I wasted 6 hours building something that already had 847 GitHub repos
Last month I told Claude: "Build me an AI-powered food recommendation engine."
It did. Beautifully. Clean code, tests passing, README done.
Then I searched GitHub. 847 repos. Twelve of them had over 100 stars. Some were updated that same week.
I had just mass-produced another clone.
The problem isn't coding speed — it's decision correctness
Every AI coding tool in 2026 makes you build faster. Cursor, Claude Code, Copilot — they're all racing to write code at the speed of thought.
But none of them ask the one question that matters:
Should you build this at all?
So I built a reality check that lives inside the workflow
Idea Reality MCP is an MCP server — not a website, not a dashboard, not another SaaS validator.
It's a tool your AI agent calls before it starts building.
Install:
uvx idea-reality-mcp
Add to Claude Desktop config:
{
"mcpServers": {
"idea-reality": {
"command": "uvx",
"args": ["idea-reality-mcp"]
}
}
}
Then just tell Claude: "Check if this idea already exists before we build it."
What it returns
{
"reality_signal": 82,
"duplicate_likelihood": "high",
"evidence": [
{"source": "github", "type": "repo_count", "count": 847},
{"source": "github", "type": "high_star_repos", "count": 12},
{"source": "hn", "type": "mention_count", "count": 34}
],
"top_similars": [
{"name": "food-rec-ai", "stars": 2340, "updated": "2026-02-18"}
],
"pivot_hints": [
"Space is saturated. Consider vertical-specific targeting.",
"Most existing tools are generic — niche wins."
]
}
An 82 means: stop. Research first. Pivot or differentiate.
A 15 means: green light. The space is open.
Why MCP, not a website?
Idea validators already exist as websites — IdeaProof, ValidatorAI, DimeADozen, FounderPal. There are dozens.
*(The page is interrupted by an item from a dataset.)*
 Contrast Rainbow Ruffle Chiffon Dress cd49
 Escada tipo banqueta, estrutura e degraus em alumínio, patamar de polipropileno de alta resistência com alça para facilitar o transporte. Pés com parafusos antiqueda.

But they all require you to leave your workflow, open a browser, type your idea, wait for a report, then go back to coding.
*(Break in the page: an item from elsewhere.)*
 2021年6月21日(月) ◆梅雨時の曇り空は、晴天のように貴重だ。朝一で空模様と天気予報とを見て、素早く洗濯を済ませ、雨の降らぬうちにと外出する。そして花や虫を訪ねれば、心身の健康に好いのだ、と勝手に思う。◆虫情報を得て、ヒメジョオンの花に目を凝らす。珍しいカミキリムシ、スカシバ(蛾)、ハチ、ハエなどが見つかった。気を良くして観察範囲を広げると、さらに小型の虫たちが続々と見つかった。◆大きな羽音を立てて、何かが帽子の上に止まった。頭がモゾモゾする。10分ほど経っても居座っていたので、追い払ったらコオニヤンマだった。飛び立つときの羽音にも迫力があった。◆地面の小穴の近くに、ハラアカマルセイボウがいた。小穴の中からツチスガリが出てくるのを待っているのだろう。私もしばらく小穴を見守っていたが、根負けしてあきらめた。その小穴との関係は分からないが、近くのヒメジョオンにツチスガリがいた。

That's the wrong architecture. The check should happen inside the moment you decide to build.
MCP makes this possible. Your AI agent calls idea_check() the same way it calls any other tool. No context switch. No extra tab. No friction.
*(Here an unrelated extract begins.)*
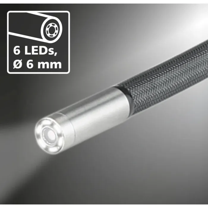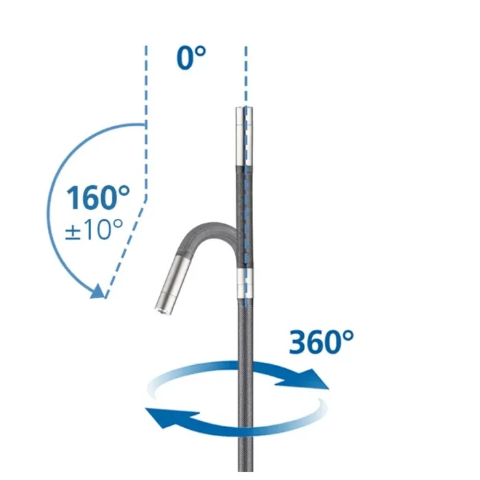 Водоустойчивата титаниева глава на камерата с максимална маневреност от 160° може бързо да се регулира до оптимална перспектива с помощта на 3D управление. Това прави възможно изследването на труднодостъпни зони, които не се виждат с фиксирани системи с камери. Благодарение на осветлението на обекта с шест високопроизводителни керамични светодиода, могат да се постигнат ясни изображения дори при най-лоши условия. Тази управляема камера за VideoInspector 3D с 1-метрова сонда предлага висока гъвкавост за сложна работа и е идеална за малки отвори.

IDEA → reality check → BUILD
Instead of:
IDEA → BUILD → discover competition → regret
The scoring is intentionally simple
v0.1.0 uses three signals:
- GitHub repo count (keyword search across 3 query variants)
- GitHub star/recency (are top repos actively maintained?)
- Hacker News mentions (has this been discussed in the last 12 months?)
Weighted formula: (github_repos × 0.6) + (github_stars × 0.2) + (hn_mentions × 0.2)
Is it perfect? No. Is it better than zero signal? Absolutely.
What's next
This is v0.1.0. The roadmap includes ProductHunt scanning, deeper keyword extraction, and an opt-in "idea memory dataset" — a global record of what people have checked and what happened next.
If you're building with Claude, Cursor, or any MCP-compatible tool:
uvx idea-reality-mcp
GitHub repo — MIT licensed, zero dependencies beyond Python.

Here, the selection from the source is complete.